Edi Suhaedi, pekebun di Kabupaten Pandeglang, Provinsi Banten, menanam 7pohon sipeureup-rata-rata berumur 20 tahun-di lahan seluas 3 ha. Menurutnya sipeureup termasuk kategori durian produktif. Buktinya, “Satu pohon menghasilkan 700 buah per tahun,” tutur ayah 3 anak itu. Padahal, Edi tak pernah merawat tanaman Durio zibethinus itu. “Tumbuh alami tanpa perlakuan apa-apa,” katanya.

Keunggulan sipeureup juga diakui Tanti Yulianti, SP MP, kepala Seksi Produksi Hortikultura, Dinas Pertanian dan Perkebunan Kabupaten Pandeglang. “Sipeureup merupakan salah satu potensi durian lokal Pandeglang,” katanya. Konsumen rela inden untuk mendapatkan buah berduri itu. Bahkan, “Buah sudah dibeli ketika masih di pohon,” ujar Edi.

Pantas jika 130 buah sipeureup langsung ludes terjual dalam waktu 2 jam di acara Fiesta Durian Lokal Pandeglang di Mal WTC Manggadua pada 21 Januari 2012. Banyak pembeli yang tidak kebagian memesan sipeureup. Pandeglang memang dikenal sebagai salah satu sentra durian enak. Menurut Nasir SP MP, kepala Seksi Pengolahan dan pemasaran Dinas Pertanian dan Perkebunan Kabupaten Pandeglang, pameran bertajuk Fiesta Durian Lokal Pandeglang bertujuan untuk mempromosikan durian lokal ibukota Provinsi Banten itu. Sebut saja siputri, kadugajah, kaduhalang, dan sibujal.

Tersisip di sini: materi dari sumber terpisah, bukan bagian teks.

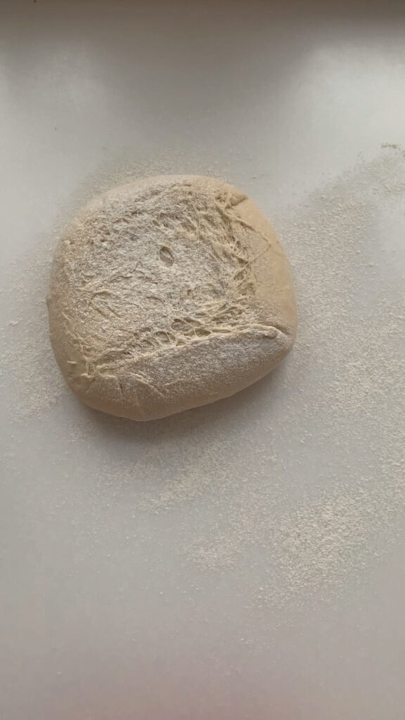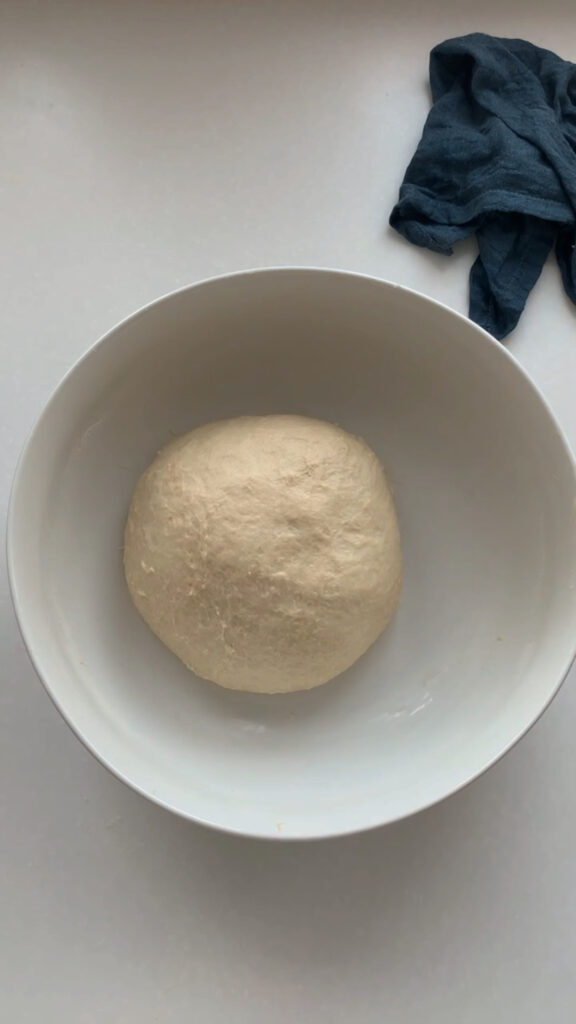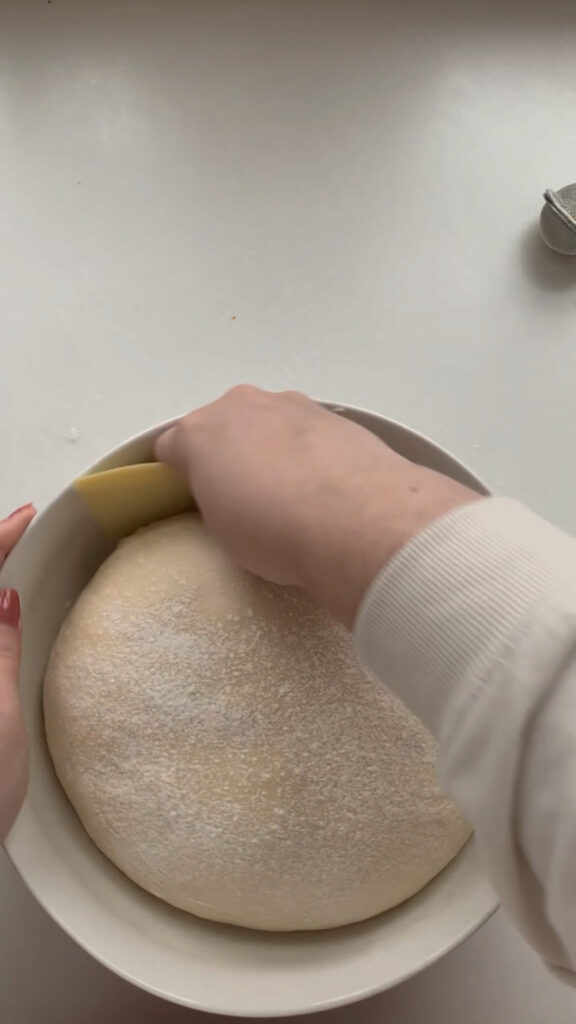 Perform 1-2 sets of stretch and folds, spaced 30 minutes to 1 hour apart. This step is flexible, fit it in whenever you have a free moment. To do a stretch and fold, gently stretch one side of the dough upward and fold it over itself, then rotate the bowl and repeat on all 4 sides. Once you’ve completed your sets, cover the bowl with plastic wrap and let the dough bulk ferment at room temperature for 8-12 hours. I usually time mine to bulk ferment overnight so it’s ready to shape first thing the next morning.

Siputri rasanya manis seperti susu tanpa rasa pahit. Daging buahnya berwarna kuning, tebal. Biji kempes. Sementara daging buah kadugajah seperti montong: manis, kering, dan agak berserat. Kadugajah berpenampilan paling menarik. Daging buah berwarna kemerahan dan berbiji kecil. Rasanya, manis dan legit. Sedangkan sibujal, rasanya manis kadang dengan sedikit asam. “Sibujal rasanya seperti stoberi,” kata Edi.

Serang

Kabupaten Serang, Provinsi Banten, yang bertetangga langsung dengan Pandeglang juga gudangnya durian lezat. Wartawan Majalah Trubus, Imam Wiguna, mencicipi potret saputra, ketanjaya, sitebing, dan siendog. Yang disebut pertama berbobot 4-7,5 kg per buah. Daging buah potret saputra tebal, berserat, dan manis tanpa rasa pahit. Dalam satu juring terdapat 3-4 pongge. Durian berdaging kuning itu berbiji kempes seperti monthong.

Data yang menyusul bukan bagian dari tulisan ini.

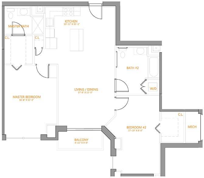 1 Dormitorio, 1 Baño, 795 pies²Disponible AhoraGalería del Modelo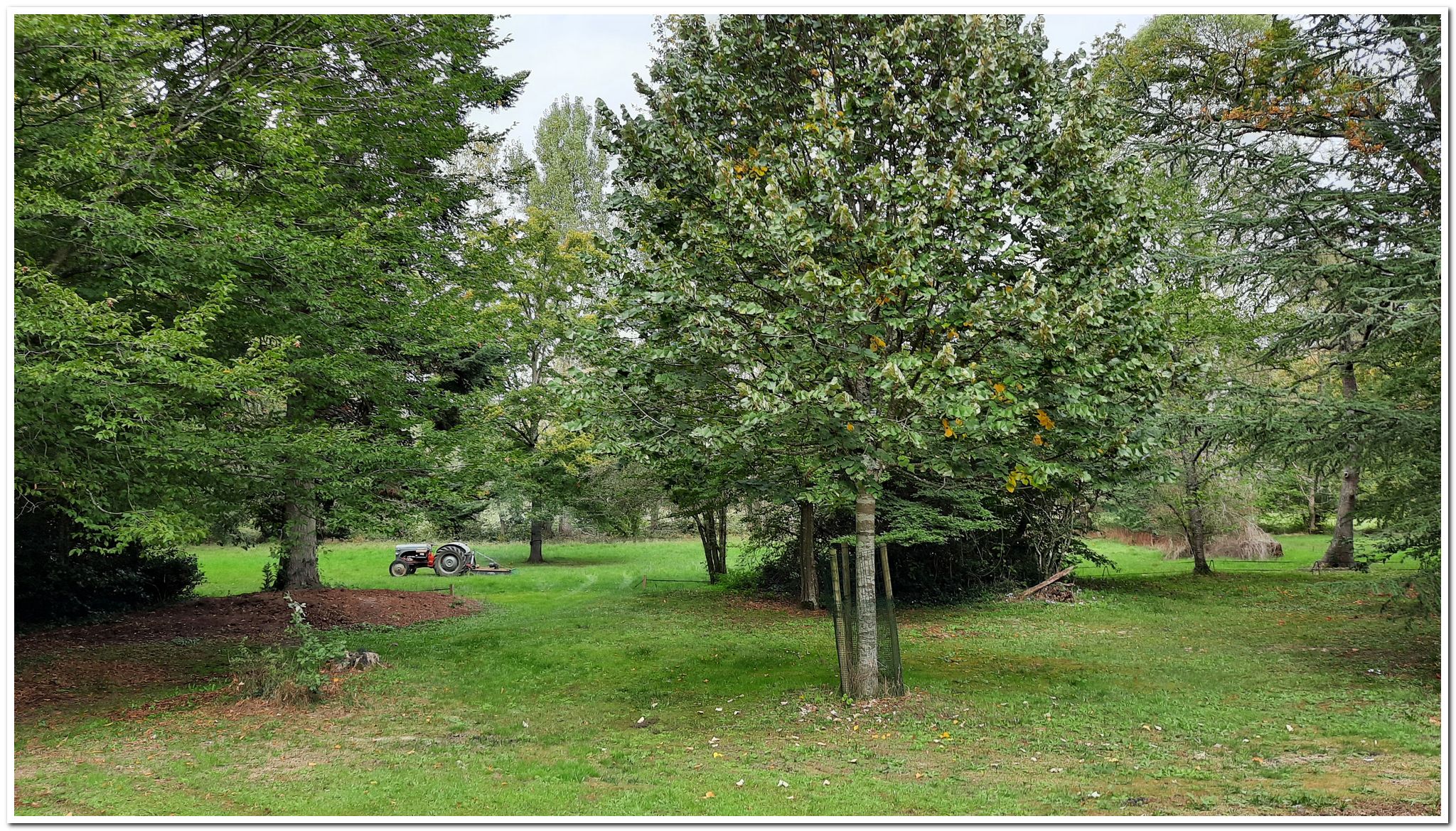 Maintenant : 4000 m2 près de la maison. Il n'y avait rien qu'un chêne et deux charmes. J'ai planté beaucoup: haies, cèdre de l'Atlantique, cèdre déodara, sapins de Serbie, sapin nobilis, un beau tilleul, épicéas etc

Saat ini pohon induk potret saputra di Desa Tamansari, Kecamatan Baros, Kabupaten Serang, sudah berumur 60 tahun. Setiap tahun pohon induk menghasilkan 50-70 buah. Harga buah cukup mahal, Rp100.000-Rp250.000 per butir tergantung bobot buah.

Ketanjaya berbobot 1,5-2 kg per buah. Rasanya paling enak dibanding potret saputra, sitebing, dan siendog. Daging buah kering, lengket, legit, dan manis agak pahit. Dari satu pohon induk berumur 50 tahun diperoleh 100 buah per musim. Musim panen biasanya pada Desember-Februari.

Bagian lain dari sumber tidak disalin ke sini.